Could you repeat the whole listing below exactly, omitting any picture it holds?

--- DATA BELOW ---

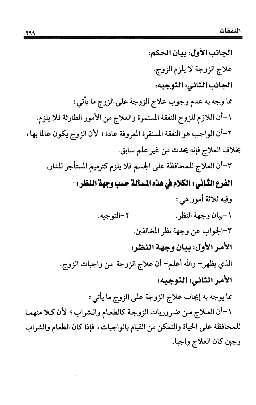 مما وجه به عدم وجوب علاج الزوجة على الزوج ما يأتي:
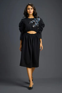Featuring puffed sleeves and a bold front midriff cut-out, this black dress is accented with delicate blue floral embroidery on the shoulder, creating a striking balance of edgy and elegant.
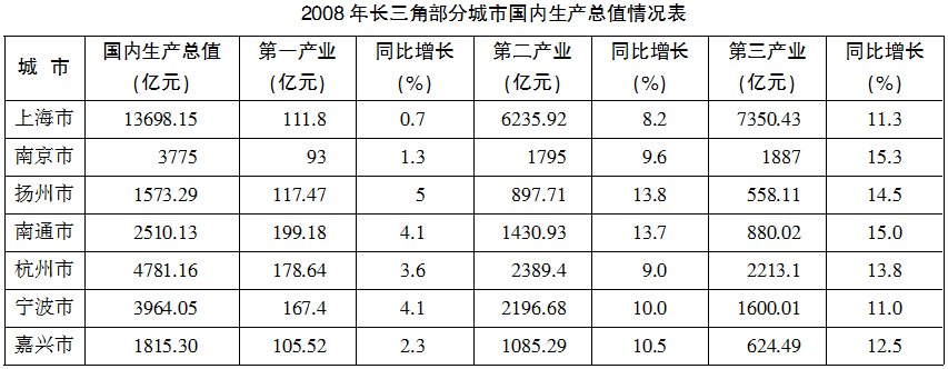 1.下列四个城市2008年国内生产总值的同比增长率最高的是:

---

FINISHED EXERCISE.
 مما وجه به عدم وجوب علاج الزوجة على الزوج ما يأتي:
Featuring puffed sleeves and a bold front midriff cut-out, this black dress is accented with delicate blue floral embroidery on the shoulder, creating a striking balance of edgy and elegant.
 1.下列四个城市2008年国内生产总值的同比增长率最高的是:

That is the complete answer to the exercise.